Выбрать главу

Лишь после повторной грамоты Варяжко князь остановился в продолжении войны со своим народом, пошел с ним на примирение. Объявил о прощении восставших против его власти людей, пообещал разобраться с поборами, виновными в них мздоимцами и казнокрадами, присвоивших часть народного добра. Перетряс местные управы, вновь назначенные княжеские наместники принялись ретиво избавляться от провинившихся мужей, отдавали их на принародный суд. Когда же отменили излишне начисленные подати, люди постепенно угомонились, хотя кое-кто пытался и дальше их будоражить, призывая выйти из-под руки центральной власти. С такими подстрекателями занялась особая служба, которую Мстислав создал по совету новгородского правителя — тот даже послал своих людей в помощь.

На самой Новгородской земле последний год тысячелетия проходил без таких треволнений, разве что два раза с Поморья пытались пройти шальные банды — обычно они обходили стороной, знали, что мимо стражи на границе не пройти. На новых землях обживались поселенцы, их понемногу становилось все больше, появились и на самом севере — беломорском побережье. Из казны оплачивали все расходы на них — от найма или выкупа до строительства жилья и обзаведение хозяйством. Для охраны поселений ставили заставы, патрулировали дозоры, но все же случались нападения — шалил кто-то из местных племен. В основном с ними удавалось сговориться, обходились миром — с той же торговлей, размежеванием земли, взаимной помощью при нужде. Нападали чаще изгнанные из своих родов отщепенцы — они сколачивали шайки и промышляли разбоем, — иногда и группы охотников из враждующих между собой племен.

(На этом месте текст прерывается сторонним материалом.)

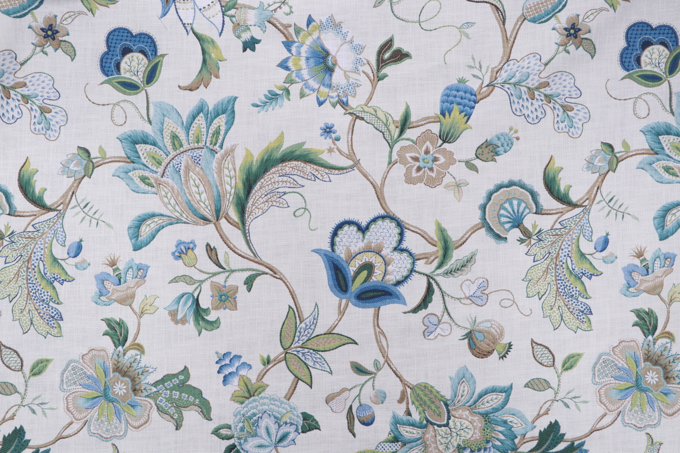 P Kaufmann Blythe Printed Cotton Drapery Fabric in Peacock is a remnant, which is sold as a whole piece.
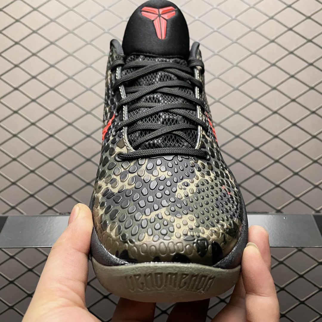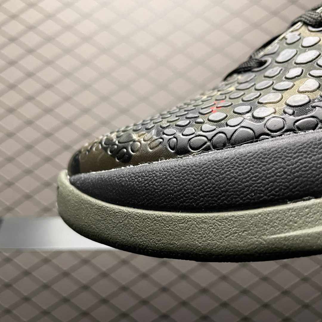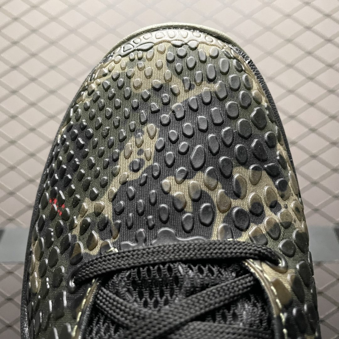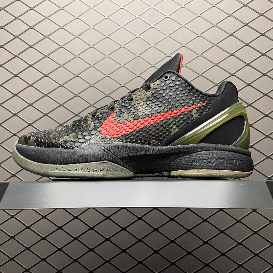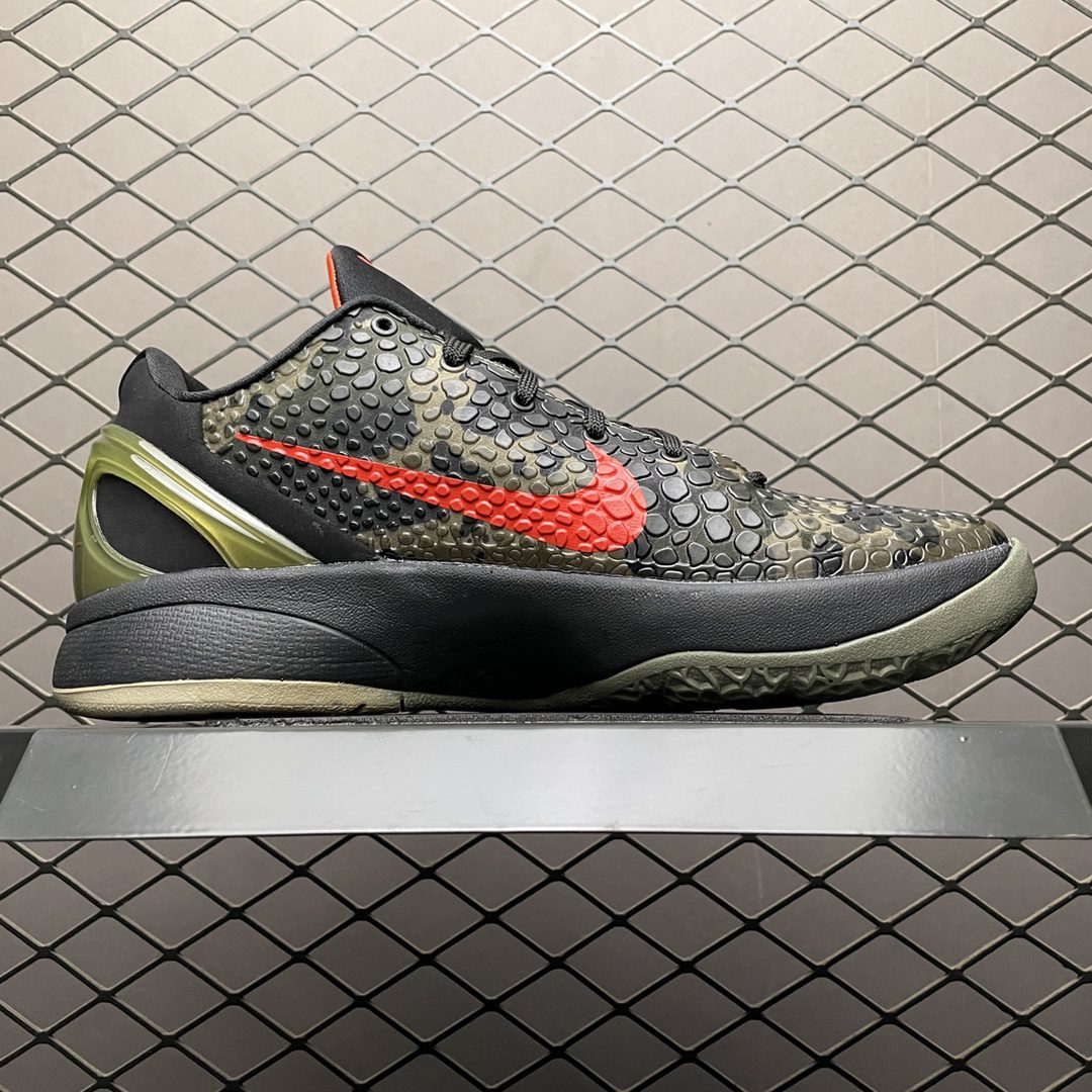 The Nike Kobe 6 Protro Italian Camo (2024) revives the classic silhouette with updated technology and a fresh colorway inspired by Italian military fatigues and the countrys diverse landscape. Known as the Italian Camo Kobe 6, this model features a polyurethane upper with a multicolor camouflage print and the signature snakeskin texture that represents Kobes reptilian alter ego. The men’s Nike Kobe 6 Protro Italian Camo includes a black phylon midsole with Nike Zoom technology for enhanced cushioning and a carbon fiber midfoot shank plate for added support and rigidity. The shoes design also incorporates crimson red accents on the swoosh, Mamba logo, and Kobes signature, adding a bold contrast to the earthy tones. Lightweight and breathable, the Kobe Italian Camo is inspired by soccer cleats, offering a low-profile fit with an Air Zoom unit in the forefoot for snappy responsiveness. This sneaker is celebrated for its blend of heritage, performance, and style, making it a prized addition to any collection.
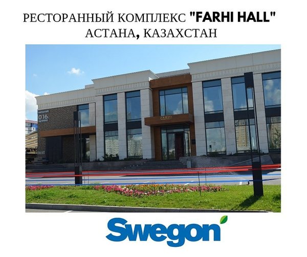 Наталья Леонова (14.01.2019): Дорогие друзья! Первый пост в наступившем 2019 году мы хотим начать с портфолио реализованного объекта #вастане Это ресторанный комплекс #farhihall Он расположен на левом берегу Астаны. Здесь и пивной ресторан О’16, несколько банкетных залов на 60 и 350 человек, неповторимая казахская национальная кухня и конечно же всегда свежий воздух от оборудования #swegon продолжение следует.... ——
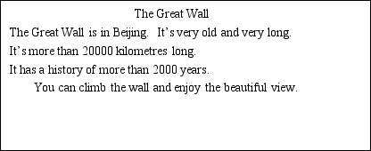 (2)请你把自己出游照片贴在空白处,并根据照片回答问题。  Where did you go? When did you go? ________________. ________________. What did you do? How was your trip? ________________. ________________. 2. 综合拓展类作业(选做): 1.在看了课上的旅行信息之后,你有没有对哪个景点特别的感兴趣呢?请通过查阅书本、网络等方式查找相关信息,收集相关资料。 如:The Great Wall/in Beijing/more than 20000 kilometres long/more than 2000 years 将以上收集来的信息制作成一份信息卡,送给朋友作为旅行指南。

Сложнее обстояло с Беломорьем — на западном побережье столкнулись с племенами карелов, с ними сладить мирно, как с вепсами и чудью заволочской, не удалось. Более многочисленные и воинственные, они враждебно отнеслись к появившимся на их землях русских селениям. После нескольких стычек с карелами закрепились на правобережье Онеги, поставили здесь крепости и заставы, но дальше на север, вглубь территории врага, не пошли. Собственно говоря, основную задачу беломорская экспедиция выполнила — весь путь от Ладоги до моря теперь проходил по своей земле, так что Новгород получил выход в Северную Европу — в ту же Скандинавию или Англию. Пробиваться к Варяжскому (Балтийскому) морю и воевать с поморскими племенами Варяжко все еще считал разорительным, хотя и полагал — сил для того у Новгорода достаточно.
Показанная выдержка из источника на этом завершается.